While the KCL handles de-aggregation during the regular operation, during recovery we use the lower level api, and therefore need to de-aggregate the records.

@tdas Testing is an issue, we need protobuf magic to do the aggregated records. Maybe we could depend on KPL for tests?

@SparkQA
Copy link

SparkQA commented Nov 2, 2015

Test build #44784 has finished for PR 9403 at commit de3e91b.

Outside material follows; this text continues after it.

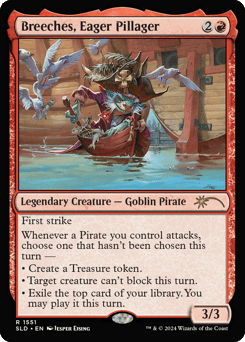 First strike Whenever a Pirate you control attacks, choose one that hasn't been chosen this turn — • Create a Treasure token. • Target creature can't block this turn. • Exile the top card of your library. You may play it this turn.

  • This patch passes all tests.
  • This patch merges cleanly.
  • This patch adds the following public classes (experimental):\n * case class RepartitionByExpression(\n

@brkyvz
Copy link
Contributor Author

brkyvz commented Nov 2, 2015

Tested that this patch successfully de-aggregates in recovery as well.

@SparkQA
Copy link

SparkQA commented Nov 3, 2015

Test build #44941 has finished for PR 9403 at commit 6b0b290.

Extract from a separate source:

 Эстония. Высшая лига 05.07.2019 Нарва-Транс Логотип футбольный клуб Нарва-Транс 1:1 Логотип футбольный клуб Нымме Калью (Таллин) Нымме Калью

  • This patch fails to build.
  • This patch merges cleanly.
  • This patch adds no public classes.

@SparkQA
Copy link

SparkQA commented Nov 3, 2015

Test build #44944 has finished for PR 9403 at commit 023055c.

  • This patch fails Spark unit tests.
  • This patch merges cleanly.
  • This patch adds no public classes.

@SparkQA
Copy link

SparkQA commented Nov 3, 2015

Test build #44956 has finished for PR 9403 at commit 5f7a763.

  • This patch fails Spark unit tests.
  • This patch merges cleanly.
  • This patch adds no public classes.

@SparkQA
Copy link

SparkQA commented Nov 4, 2015

Test build #44975 has finished for PR 9403 at commit 7c1edd7.

  • This patch fails Spark unit tests.
  • This patch merges cleanly.
  • This patch adds no public classes.

@tdas
Copy link
Contributor

tdas commented Nov 4, 2015

test this again.

@@ -56,6 +56,8 @@ class KinesisStreamSuite extends KinesisFunSuite
private var ssc: StreamingContext = null
private var sc: SparkContext = null

protected val aggregateTestData: Boolean
Copy link
Contributor

Choose a reason for hiding this comment

The reason will be displayed to describe this comment to others. Learn more.

Isn it easier to have a parameter in the constructor? Less code while subclassing class WithAggregationKinesisStreamSuite extends KinesisStreamTests(aggregateTestData = true)

Copy link
Contributor Author

Choose a reason for hiding this comment

The reason will be displayed to describe this comment to others. Learn more.

That can also work :)

@tdas
Copy link
Contributor

tdas commented Nov 4, 2015

overall the code looks fine, but Kinesis tests are not passing

@SparkQA
Copy link

SparkQA commented Nov 5, 2015

Test build #45049 has finished for PR 9403 at commit 83a0f13.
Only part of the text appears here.